After testing this I did stop thermald and interestingly the behaviour of the CPU frequencies did not change. It still goes down to 1800MHz under load. constraint_0_power_limit_uw is unchanged at 35000000

Is there any detailed documentation what thermald does when and which actions it does to control the CPU? Until now I have seen that it manages "constraint_0_power_limit_uw" and raises the limit until it reaches 35000000.

benzea commented 2 years ago

Btw. my implication with setting the UUID to solve the issue is that the firmware is still controlling things.

i.e. setting that UUID flags to the firmware that the OS is doing proper thermal management. So if the UUID means "version X" but the firmware is expecting "version Y" or so, then I can totally see that it isn't giving up thermal control.

btw. you might be able to tell more by looking at the ACPI code of the firmware and checking what happens for various UUIDs on the INTC1040 device.

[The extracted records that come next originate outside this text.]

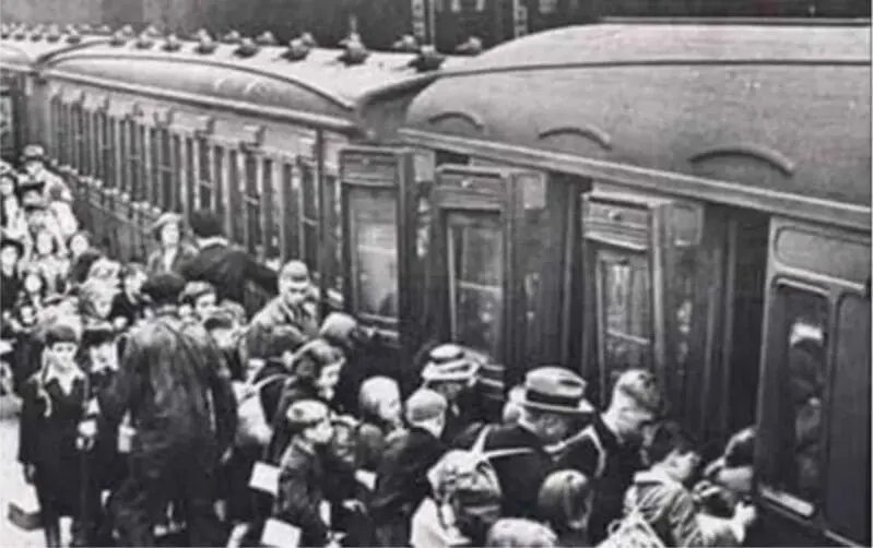 Nicholas embarcando crianças em um dos oito Czech Kindertransport.
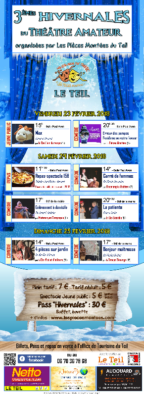 Réservations obligatoires avant le 20 février 2018 à l’office du tourisme du TEIL ou par téléphone au 06.70.36.78.68.
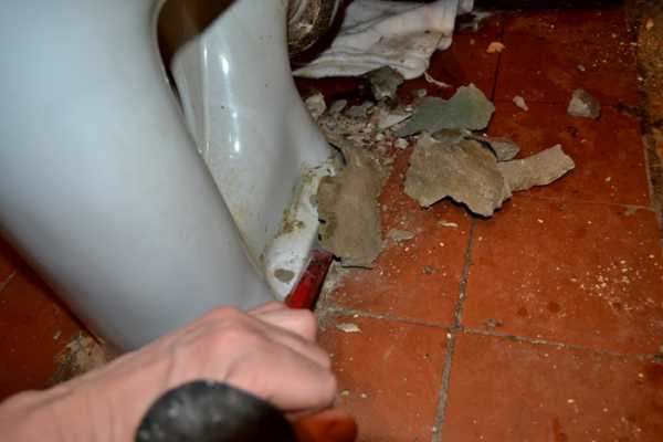 Под демонтируемым прибором в старых домах часто можно обнаружить прогнившие опоры. Их необходимо удалить при помощи зубила либо перфоратора.Легче всего даётся демонтаж чаши, прикреплённой к основанию клеевой мастикой – достаточно ударить по основанию подошвы чаши по направлению от себя. Такой способ крепления считается некачественным и говорит о непрофессиональной установке старого сантехнического прибора.
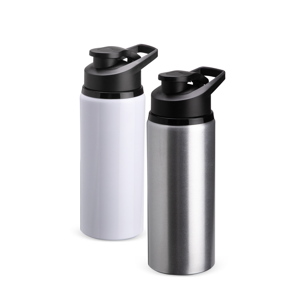 Squeeze em alumínio com pintura de acabamento para sublimação e capacidade máxima de 650ml. Possui tampa rosqueável em plástico com alça fixa e tampa protetora para o bocal.
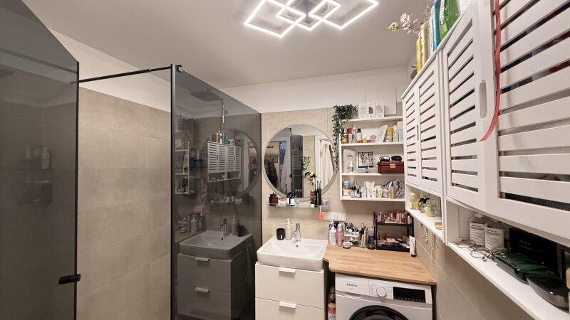 Das Bad ist mit einer bodenebenen Dusche mit Rainshower und Feinsteinzeugfliesen ausgestattet. Das Badezimmer und WC sind auch sauber verfliest und modern verglast.
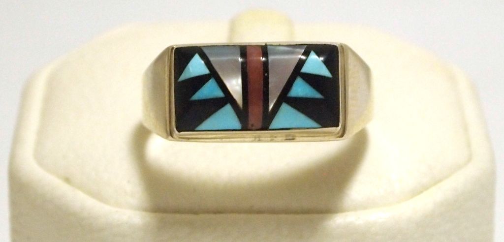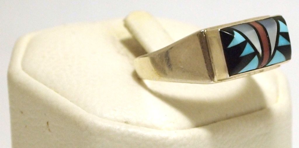 Inlay measures 5/16" tall by 9/16" wide. Band measures 1/8" wide, size: 11.75. Stones present: Coral, Turquoise, Mother of Pearl, Black Jet.
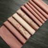 太鼓柄の一般用袋帯。正絹素材に花柄と金通しが施され、紬地のざっくりとした風合いが個性を際立たせます。ピンク色の鮮やかなトーンが装いに優しさと華やかさを加え、少し特別な場面まで活躍するアイテムです。
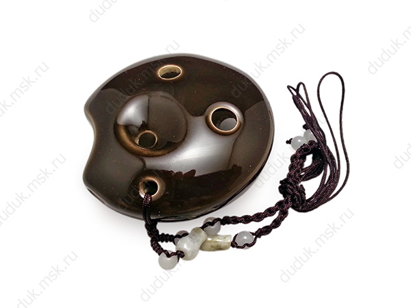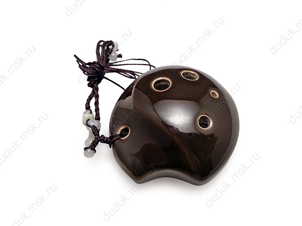 Керамическая окарина - сопрано, выполненная в виде подвески. Имеет 6 игровых отверстий и перекрестную "английскую" аппликатуру, позволяющую извлекать 10 нот в диапазоне от C(до) третьей октавы до E(ми) четвертой. В комплекте коробочка и короткое руководство с аппликатурой.

sebastianha commented 2 years ago

Unfortunately this is beyond my level of knowledge. But I would be happy to provide everything needed to solve this issue!

Grtschnk commented 2 years ago

@benzea Thank you for looking at this and the explanation! I've had a look in the /sys directory. /sys/bus/acpi/devices/INTC1040:00/physical_node/uuids/available_uuids containts UNKNOWN. Is that a possible hint as to what is wrong with our systems? The current_uuid is as you said: 63BE270F-1C11-48FD-A6F7-3AF253FF3E2D

sebastianha commented 2 years ago

@benzea Thank you for looking at this and the explanation! I've had a look in the /sys directory. /sys/bus/acpi/devices/INTC1040:00/physical_node/uuids/available_uuids containts UNKNOWN. Is that a possible hint as to what is wrong with our systems? The current_uuid is as you said: 63BE270F-1C11-48FD-A6F7-3AF253FF3E2D

Same here on Dell 7320

sebastianha commented 2 years ago

Interesting fact: After a fresh reboot "current_uuid" ist set to "INVALID". After starting thermald it shows "63BE270F-1C11-48FD-A6F7-3AF253FF3E2D"

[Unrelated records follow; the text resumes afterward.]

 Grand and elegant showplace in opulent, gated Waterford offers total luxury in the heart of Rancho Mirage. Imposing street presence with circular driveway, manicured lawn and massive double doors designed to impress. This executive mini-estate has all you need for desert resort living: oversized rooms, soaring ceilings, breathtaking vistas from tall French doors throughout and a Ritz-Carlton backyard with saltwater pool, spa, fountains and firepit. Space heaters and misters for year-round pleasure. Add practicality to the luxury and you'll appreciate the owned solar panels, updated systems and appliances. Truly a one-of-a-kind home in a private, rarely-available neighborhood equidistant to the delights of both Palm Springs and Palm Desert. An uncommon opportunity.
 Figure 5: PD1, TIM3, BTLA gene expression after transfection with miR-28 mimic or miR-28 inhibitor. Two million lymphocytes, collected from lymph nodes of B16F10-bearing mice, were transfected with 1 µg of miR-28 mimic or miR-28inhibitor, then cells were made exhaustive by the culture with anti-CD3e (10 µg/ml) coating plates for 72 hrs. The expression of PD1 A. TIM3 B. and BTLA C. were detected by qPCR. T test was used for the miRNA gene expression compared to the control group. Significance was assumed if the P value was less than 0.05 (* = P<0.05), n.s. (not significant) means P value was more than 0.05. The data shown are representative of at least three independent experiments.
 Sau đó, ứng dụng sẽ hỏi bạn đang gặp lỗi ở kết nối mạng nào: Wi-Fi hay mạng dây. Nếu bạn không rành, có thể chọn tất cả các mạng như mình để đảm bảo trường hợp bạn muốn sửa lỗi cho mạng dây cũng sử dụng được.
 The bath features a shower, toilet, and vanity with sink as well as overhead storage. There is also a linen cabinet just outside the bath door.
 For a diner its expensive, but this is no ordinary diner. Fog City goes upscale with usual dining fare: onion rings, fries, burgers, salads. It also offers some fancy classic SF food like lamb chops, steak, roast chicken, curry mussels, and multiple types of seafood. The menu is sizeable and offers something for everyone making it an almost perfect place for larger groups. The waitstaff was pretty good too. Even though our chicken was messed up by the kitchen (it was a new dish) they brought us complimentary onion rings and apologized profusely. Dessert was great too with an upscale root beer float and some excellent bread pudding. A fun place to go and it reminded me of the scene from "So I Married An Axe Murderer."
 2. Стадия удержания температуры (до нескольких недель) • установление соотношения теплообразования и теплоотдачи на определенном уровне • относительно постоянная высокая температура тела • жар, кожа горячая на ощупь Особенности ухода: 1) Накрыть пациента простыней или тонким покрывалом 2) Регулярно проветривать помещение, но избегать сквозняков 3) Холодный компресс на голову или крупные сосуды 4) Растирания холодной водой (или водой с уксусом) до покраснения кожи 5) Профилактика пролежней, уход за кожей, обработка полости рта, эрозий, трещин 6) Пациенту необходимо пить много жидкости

# cat /sys/bus/acpi/devices/INTC1040:00/physical_node/uuids/current_uuid
INVALID
# cat /sys/bus/acpi/devices/INTC1040:00/physical_node/uuids/available_uuids
UNKNOWN
# systemctl start thermald.service 
# cat /sys/bus/acpi/devices/INTC1040:00/physical_node/uuids/current_uuid
63BE270F-1C11-48FD-A6F7-3AF253FF3E2D
sebastianha commented 2 years ago

Is there any way I can prove that thermald has control over the CPU? My current guess is, that thermald sets the "current_uuid" and "constraint_0_power_limit_uw" but has no full control.

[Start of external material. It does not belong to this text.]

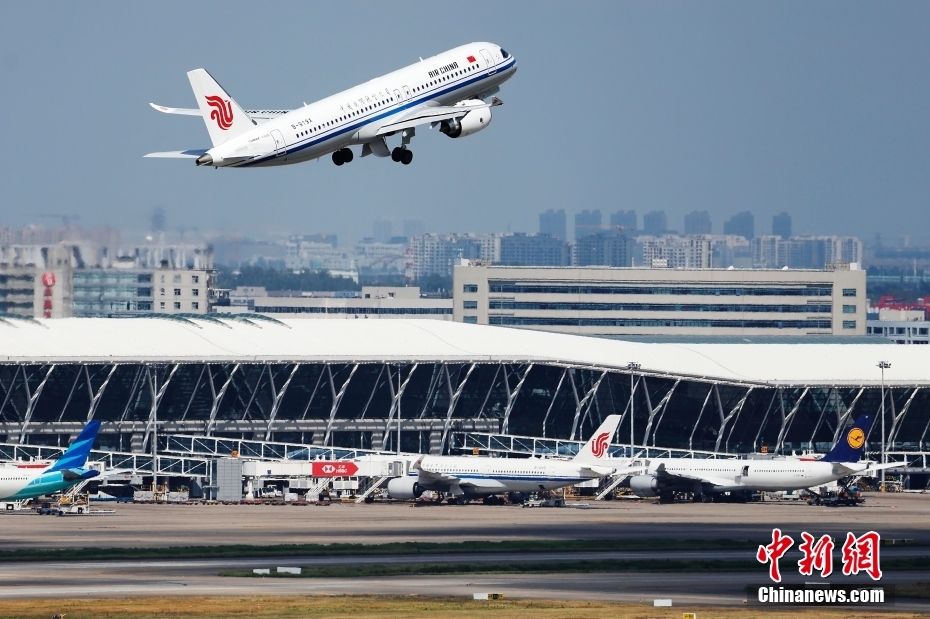8月29日,一架編號(hào)為B-919X的國(guó)航首架C919國(guó)產(chǎn)大型客機(jī)從上海浦東國(guó)際機(jī)場(chǎng)啟航飛往北京首都國(guó)際機(jī)場(chǎng)。8月28日晚,中國(guó)國(guó)際航空公司和中國(guó)南方航空公司在中國(guó)商飛總裝制造中心浦東基地同時(shí)接收首架C919國(guó)產(chǎn)大型客機(jī)。這標(biāo)志著C919國(guó)產(chǎn)大型客機(jī)即將開(kāi)啟多用戶運(yùn)營(yíng)新階段。中新社記者 殷立勤 攝
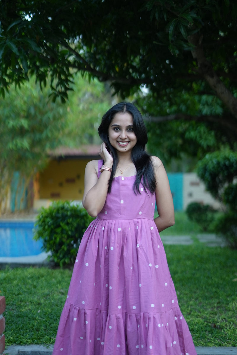 Pink & white handloom cotton tiered maxi

When starting thermald I get the following log:

systemd[1]: Starting Thermal Daemon Service...
systemd[1]: Started Thermal Daemon Service.
thermald[11087]: 27 CPUID levels; family:model:stepping 0x6:8c:1 (6:140:1)
thermald[11087]: Unsupported condition 57 (UKNKNOWN)
thermald[11087]: Unsupported condition 57 (UKNKNOWN)
thermald[11087]: Unsupported condition 57 (UKNKNOWN)
thermald[11087]: Unsupported condition 57 (UKNKNOWN)
thermald[11087]: Unsupported condition 57 (UKNKNOWN)
thermald[11087]: Unsupported condition 57 (UKNKNOWN)
thermald[11087]: Unsupported condition 57 (UKNKNOWN)
thermald[11087]: Unsupported condition 57 (UKNKNOWN)
thermald[11087]: Unsupported condition 57 (UKNKNOWN)
thermald[11087]: Unsupported condition 57 (UKNKNOWN)
thermald[11087]: Unsupported conditions are present
thermald[11087]: Unable to find a sensor for \_SB_.PC00.LPCB.ECDV.NGFF
thermald[11087]: Unable to find a sensor for \_SB_.PC00.LPCB.ECDV.NGFF
thermald[11087]: Unable to find a sensor for \_SB_.PC00.LPCB.ECDV.NGFF
thermald[11087]: Unable to find a sensor for \_SB_.PC00.LPCB.ECDV.NGFF
thermald[11087]: Unable to find a sensor for \_SB_.PC00.LPCB.ECDV.NGFF
thermald[11087]: Unable to find a sensor for \_SB_.PC00.LPCB.ECDV.NGFF
thermald[11087]: 27 CPUID levels; family:model:stepping 0x6:8c:1 (6:140:1)
thermald[11087]: Polling mode is enabled: 4
thermald[11087]: sensor id 10 : No temp sysfs for reading raw temp
thermald[11087]: sensor id 10 : No temp sysfs for reading raw temp
thermald[11087]: sensor id 10 : No temp sysfs for reading raw temp
thermald[11087]: ppcc limits is less than def PL1 max power :28000000 check thermal-conf.xml.auto
thermald[11087]: ppcc limits is less than def PL1 max power :28000000 check thermal-conf.xml.auto
thermald[11087]: Unable to find a zone for TSSD

--exclusive-control does not change antyhing.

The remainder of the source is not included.